The author and book cannot be currently (or in the past) identified with a company/agency. So don’t go ahead and create a team with David Ogivly (Ogilvy on Advertising), Piyush Pandey (Pandeymonium) and Gary Vaynerchuk ( Jab, jab , jab, Right Hook).
 
And finally your team cannot have more than 10 people.
 
Here’s my team.
 
We begin with Strat, the team that will lead strategy for the team.
 
Geoffrey A. Moore is player number one with his work Crossing the Chasm. Marketing is all about context and while the book focuses on different kinds of technology consumers, Mooreoffers a unique perspective on the world we live in. Even more fascinating is the fact that a book was written in 1991 remains relevant even today!
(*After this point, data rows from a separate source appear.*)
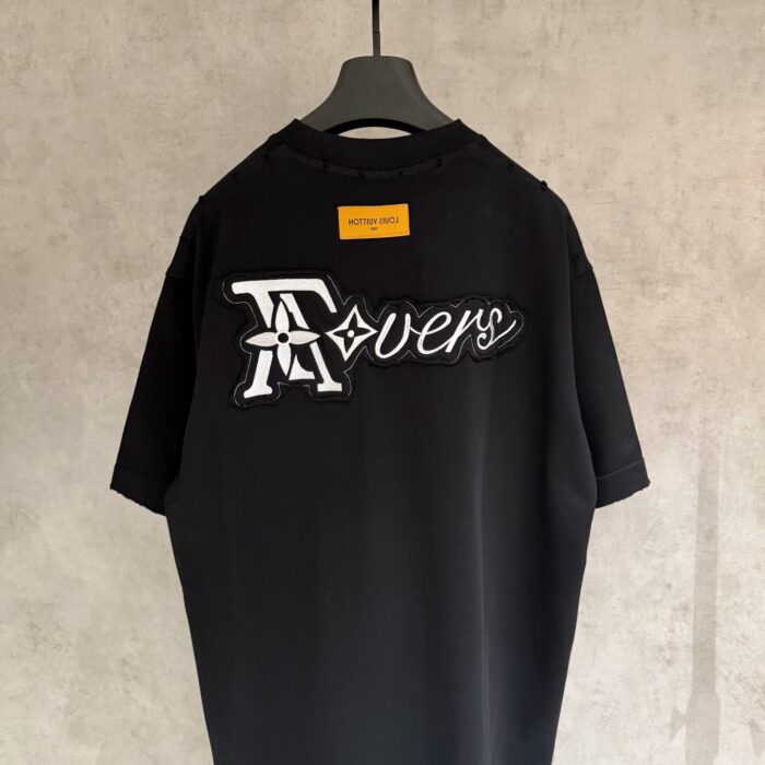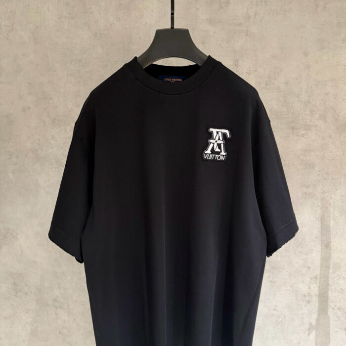 Louis Vuitton patch Embroidery Letter pattern loose Round neck T-shirt Black ルイ ヴィトン アップリケ 刺繍 モジ パターン ゆったり クルーネック Tシャツ ブラック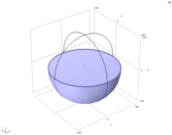 In order to provide a more intuitive explanation of the radiation characteristics of a single electric dipole artificial field source placed on a uniform half-space surface in CSAMT, a half-space model with analytical solutions was established in the COMSOL software (the version 5.6) environment, as shown in Figure 6. The model is a sphere with a radius of 30 km. The upper half of the space is air (, and 0 Sm−1); the lower part of the space consists of soil (, and 0.01 Sm−1).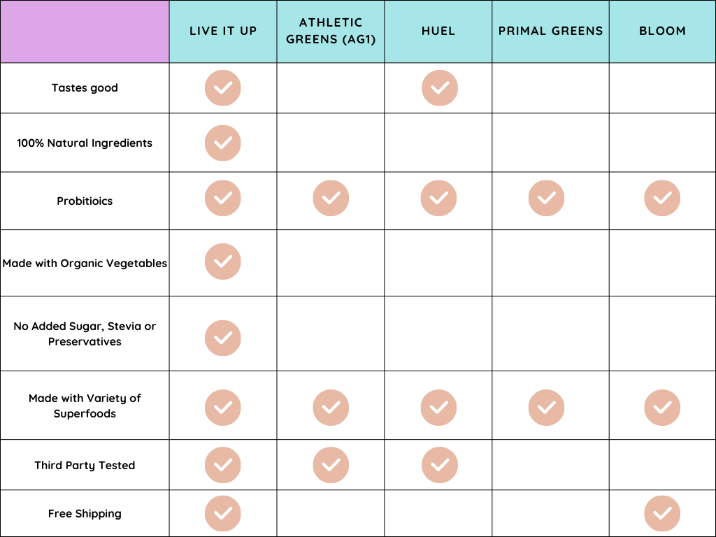 Live it Up checked all of my boxes. It has a wide range of high quality nutritious ingredients with multiple health benefits, from energy to digestion to immunity, it actually tastes delicious (like a smoothie with fresh mint) and has a very competitive price.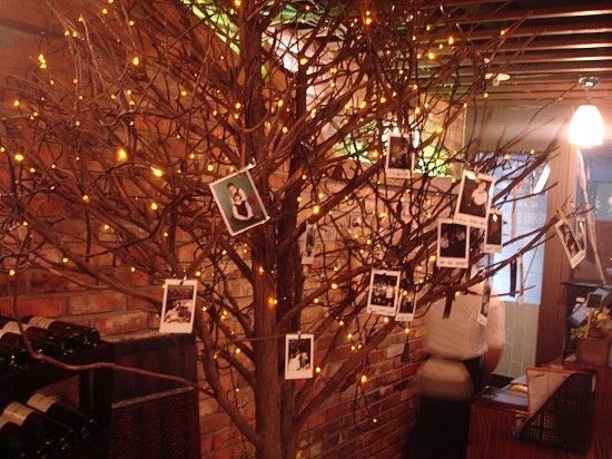 폴라로이드 사진들이 나무에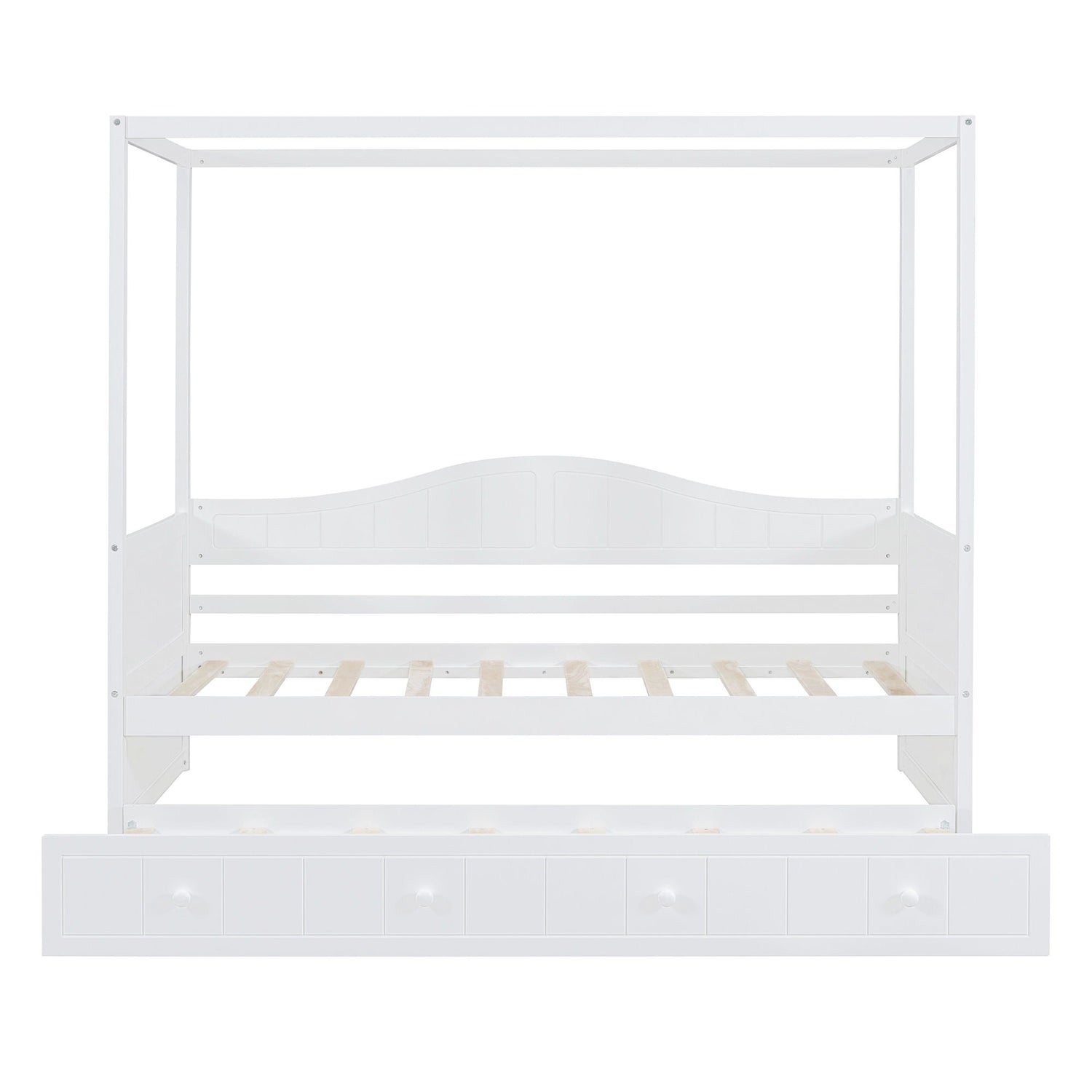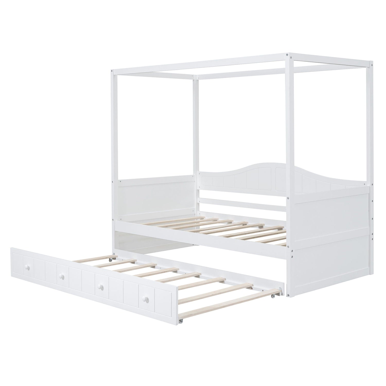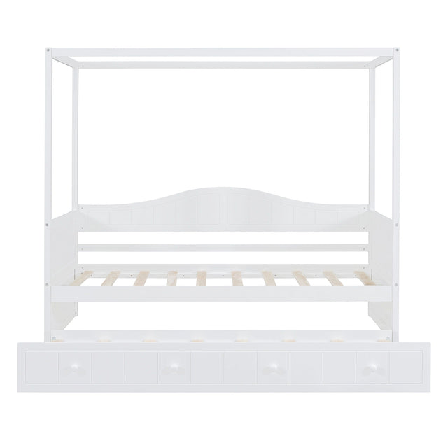 Twin Size Canopy Day Bed With Twin Size Trundle - White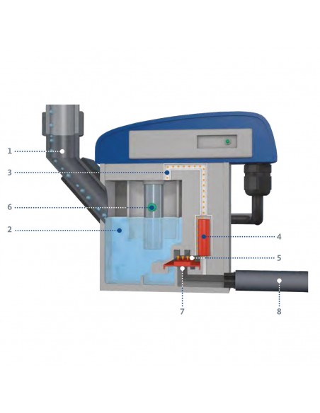 - Czujnik pojemnościowy wykrywa poziom kondensatu. Przy maksymalnym poziomie otwiera się membrana, przez którą kondensat jest odprowadzany poprzez ciśnienie w układzie.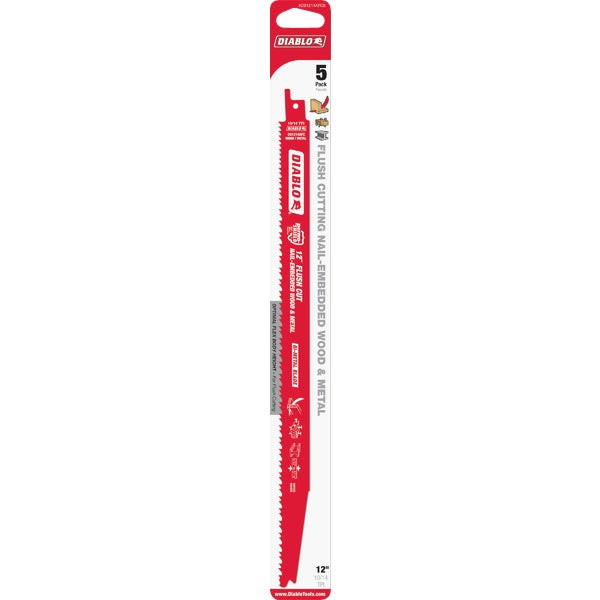 - Diablo 12 In. 10/14 TPI Flush Wood/Metal Reciprocating Saw Blade (5-Pack)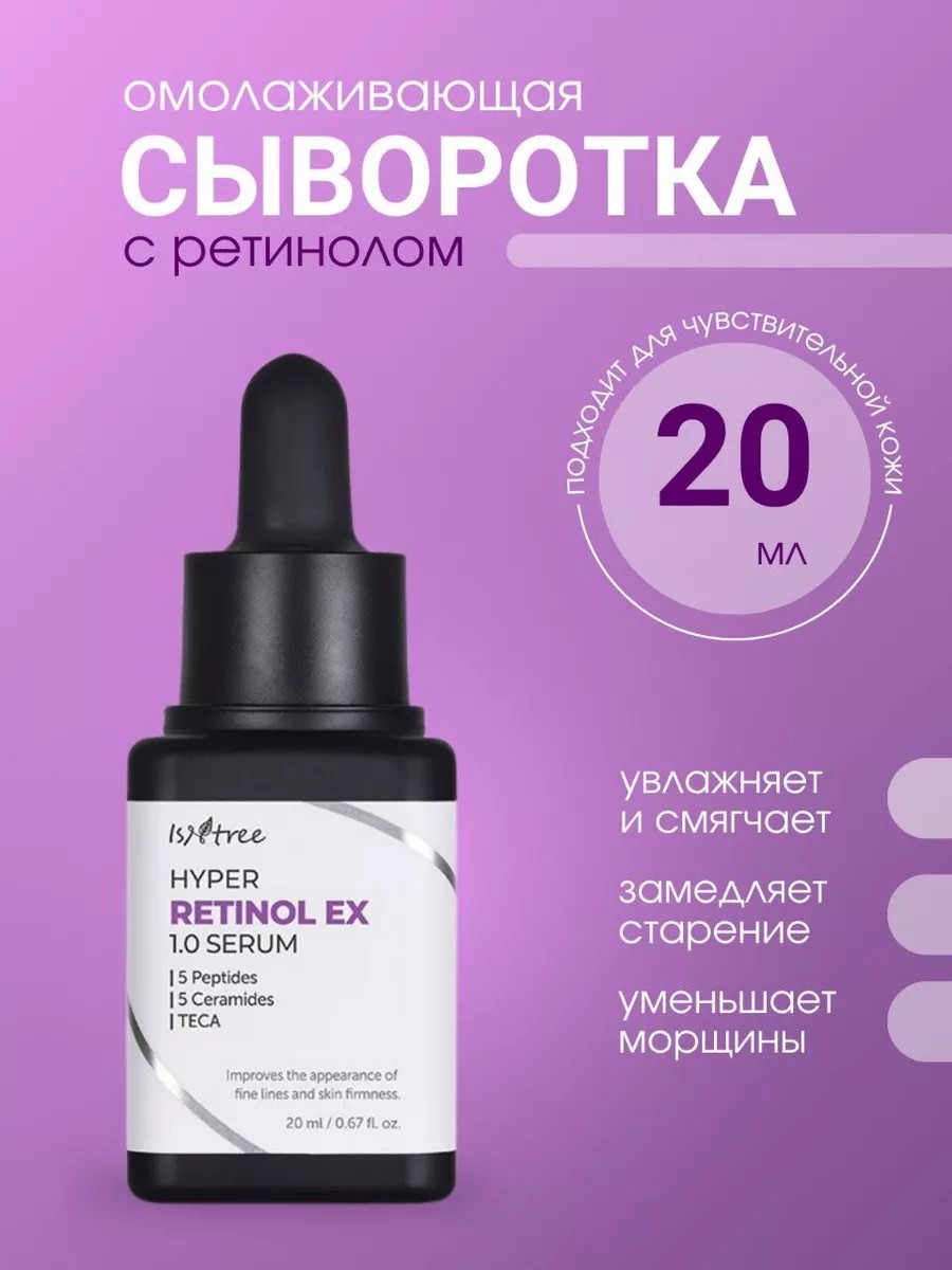 Активная разглаживающая сыворотка с ретинолом IsNtree Hyper Retinol EX 1.0 Serum направлена на интенсивную борьбу с мелкими мимическими морщинами и сокращает глубину выраженных. Способствует обновлению кожного покрова, выравнивает рельеф, улучшает цвет лица и замедляет процессы старения. Комплекс Retinol EX 1% стимулирует клеточную регенерацию, работает на уменьшение морщин в области межбровия, носогубных складок и на лбу. В составе комплекса Ретинол 0,1% оказывает антивозрастное действие, Ретинил пальмитат 0,3% эфир витамина A оказывает антиоксидантное действие, замедляет увядание кожи, Бакучиол 0,6% растительный аналог ретинола, стимулирует выработку естественного коллагена в клетках, борется с морщинами, повышает упругость и подавляет выработку меланина, отлично подходит для чувствительной кожи.

It is a great starting point to understand positioning and how that can influence the transition of a brand from inception to mass market success.
 
Joining Moore are Chip and Dan Heath with Made to Stick.They reveal the anatomy of ideas and how ideas can be communicated most effectively. What makes an idea stand out? Why does some communication work better than others? Having the right idea guys on the team is critical to bringing alive the positioning.
 
From guys who crack the idea code to a codebreaker of a different kind.
 
Martin Lindstrom helps us crack the code of why people buy. Buyology is based on his very interesting, three-year, multi-million dollar neuromarketing study with 2,000 volunteers from all around the world. Lindstrom helps us understand why and how people buy with a very unique perspective on the modern consumer.
 
From strategy to creating effective marketing plans.
 
In Contagious, Jonah Berger a Wharton marketing professor deciphers why products get word of mouth, and how influence drives everything from our choice of clothes to the cars we buy.  Berger captures his thoughts in six basic principles that make things contagious. A critical member when it comes to crafting an execution plan.
 
From six principles on what makes things contagious to six strategies for content. Mark Schaefer’s The Content Code lands him a spot on the team because of his deep understanding of content as a marketing tool in the digital age. One may argue that Schaefer’s strategies are more tips but that doesn’t take away from the rich insights of The Content Code.
 
With our strategy and planning in place, it’s important to get the right people to lead execution. Scott Brinker in Hacking Marketing does just that. Brinker provides a framework for the evolved digital landscape we all inhabit. He adroitly describes the need for an agile marketing process and the relevance of analysing data to achieve marketing success. Brinker’s hacks are a must for any marketing team.
 
From the digital to the physical world, Bernd H. Schmitt in his book Experiential Marketing focuses on the need for engaging customer experiences in a world where consumers no longer distinguish between the physical and digital. It’s time for marketing to also embrace the phyigital experience and that makes Schmitt a very important member of the team.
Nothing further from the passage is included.